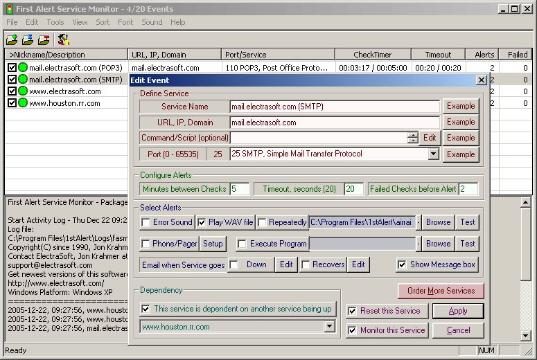 Monitors Internet Services and alerts the user with a variety of methods if down. Always know whether or not your web site or other network services are up or down with First Alert Service Monitor.First Alert Service Monitor will check your site or other services as often as you have it configured to. If one of your services stops responding, you will be notified in the ways you have configured and the down time will be logged. If you pay a firm to host your site or service, you should be able to get at least a partial refund from your site hosting company if any serious down time occurs. Save money with First Alert Service Monitor! If one of your Internet Services goes down, you will be alerted by any or all of these many alarms. Select Alerts include: [Error Sound], [Plays your choice of WAV files (once or repeatedly)], [Show Alert Message box], [Send Email at Beginning of Alert], [Send Email at Ending of Alert], [Page you, Phone you], [Execute a Program]. You can use the First Alert Service Monitor [Execute Program] option to fix the problem in many cases. If your site or service does go down and then come back up without you knowing about it, First Alert Service Monitor will send you emails documenting the events date and time from down to up again.
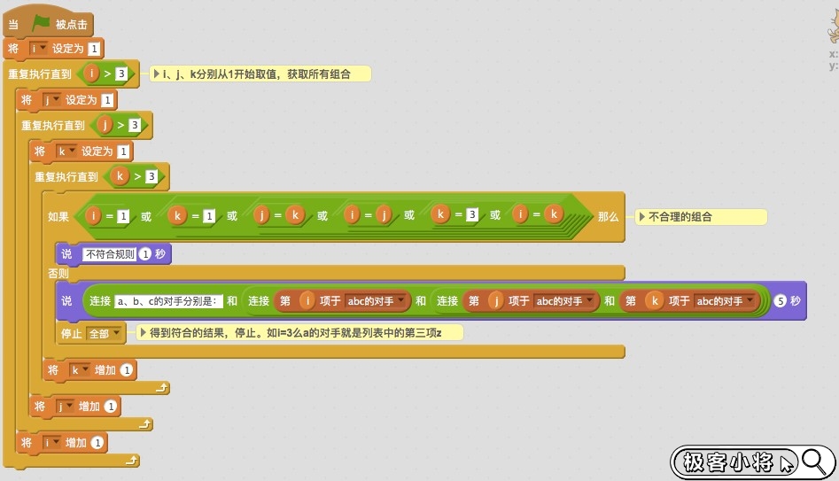具體方案如下:我們先假設(shè)a、b、c的對手分別為i 、j、k ,將x,y,z分別用數(shù)字1、2、3代替,這樣就更接近數(shù)學(xué)的方程問題了。接下來進(jìn)行各種可能的組合(i、j、k 都可以等于1、2、3),每當(dāng)?shù)玫揭唤M組合結(jié)果,進(jìn)行判斷,如果結(jié)果滿足下列條件之一,那么這組結(jié)果都是不符合的,否則就是正確的。
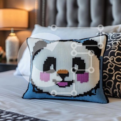 Υπάρχει δυνατότητα προσωποποίησης με δική σας φωτογραφία και προσαρμογής διαστάσεων κατόπιν παραγγελίας. Το συγεκεριμενο puzzle παρουσιαζει Η εικόνα παρουσιάζει ένα διακοσμητικό μαξιλάρι σε ένα κρεβάτι, που δείχνει ένα χαριτωμένο, καρτουνίστικο πρόσωπο panda. Το μαξιλάρι είναι σχεδιασμένο με διάφορα χρώματα, όπως μαύρο, λευκό και γαλάζιο, δίνοντάς του μια παιχνιδιάρικη και χαρούμενη εμφάνιση. Στο βάθος, υπάρχει έν
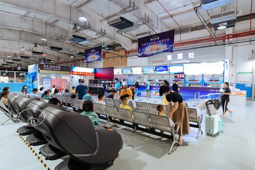 停好车,进入到九洲客运港售票大厅,座位不少,还有母婴室、自助饮水机等提供, 还有一些商铺,解决吃喝。
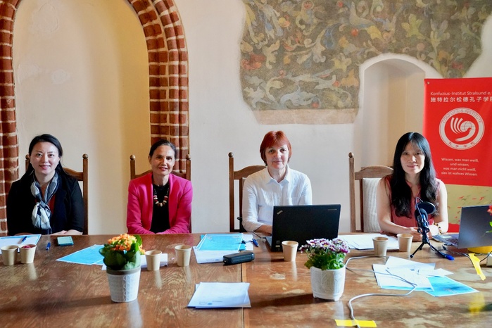 为筹办此次比赛,施特拉尔松德孔院半年前就做好了方案预设,成立了“汉语桥”筹备工作小组,在和汉诺威莱布尼茨孔院的合作过程中,双方每周定时召开一次线上会议,“汉语桥”工作小组成员们相互沟通,讨论大赛的筹备进程及遇到的问题等。在硬件设备上,施特拉尔松德孔院耗资购置了众多直播设备,并请专业技术人员反复进行设备的安装及调试,确保在比赛直播当天万无一失。在当地防疫规定允许的前提下,邀请了大赛的评委来到施特拉尔松德孔院,进行现场评分和沟通,确保比赛成果的公平公正公开。

____

TRY IT: The response must match the data line for line, from its first line through the line with "停好车,进入到九洲客运港售票", inclusive, and must leave out the pictures.

ANSWER BOX:
 Monitors Internet Services and alerts the user with a variety of methods if down. Always know whether or not your web site or other network services are up or down with First Alert Service Monitor.First Alert Service Monitor will check your site or other services as often as you have it configured to. If one of your services stops responding, you will be notified in the ways you have configured and the down time will be logged. If you pay a firm to host your site or service, you should be able to get at least a partial refund from your site hosting company if any serious down time occurs. Save money with First Alert Service Monitor! If one of your Internet Services goes down, you will be alerted by any or all of these many alarms. Select Alerts include: [Error Sound], [Plays your choice of WAV files (once or repeatedly)], [Show Alert Message box], [Send Email at Beginning of Alert], [Send Email at Ending of Alert], [Page you, Phone you], [Execute a Program]. You can use the First Alert Service Monitor [Execute Program] option to fix the problem in many cases. If your site or service does go down and then come back up without you knowing about it, First Alert Service Monitor will send you emails documenting the events date and time from down to up again.
具體方案如下:我們先假設(shè)a、b、c的對手分別為i 、j、k ,將x,y,z分別用數(shù)字1、2、3代替,這樣就更接近數(shù)學(xué)的方程問題了。接下來進(jìn)行各種可能的組合(i、j、k 都可以等于1、2、3),每當(dāng)?shù)玫揭唤M組合結(jié)果,進(jìn)行判斷,如果結(jié)果滿足下列條件之一,那么這組結(jié)果都是不符合的,否則就是正確的。
 Υπάρχει δυνατότητα προσωποποίησης με δική σας φωτογραφία και προσαρμογής διαστάσεων κατόπιν παραγγελίας. Το συγεκεριμενο puzzle παρουσιαζει Η εικόνα παρουσιάζει ένα διακοσμητικό μαξιλάρι σε ένα κρεβάτι, που δείχνει ένα χαριτωμένο, καρτουνίστικο πρόσωπο panda. Το μαξιλάρι είναι σχεδιασμένο με διάφορα χρώματα, όπως μαύρο, λευκό και γαλάζιο, δίνοντάς του μια παιχνιδιάρικη και χαρούμενη εμφάνιση. Στο βάθος, υπάρχει έν
 停好车,进入到九洲客运港售票大厅,座位不少,还有母婴室、自助饮水机等提供, 还有一些商铺,解决吃喝。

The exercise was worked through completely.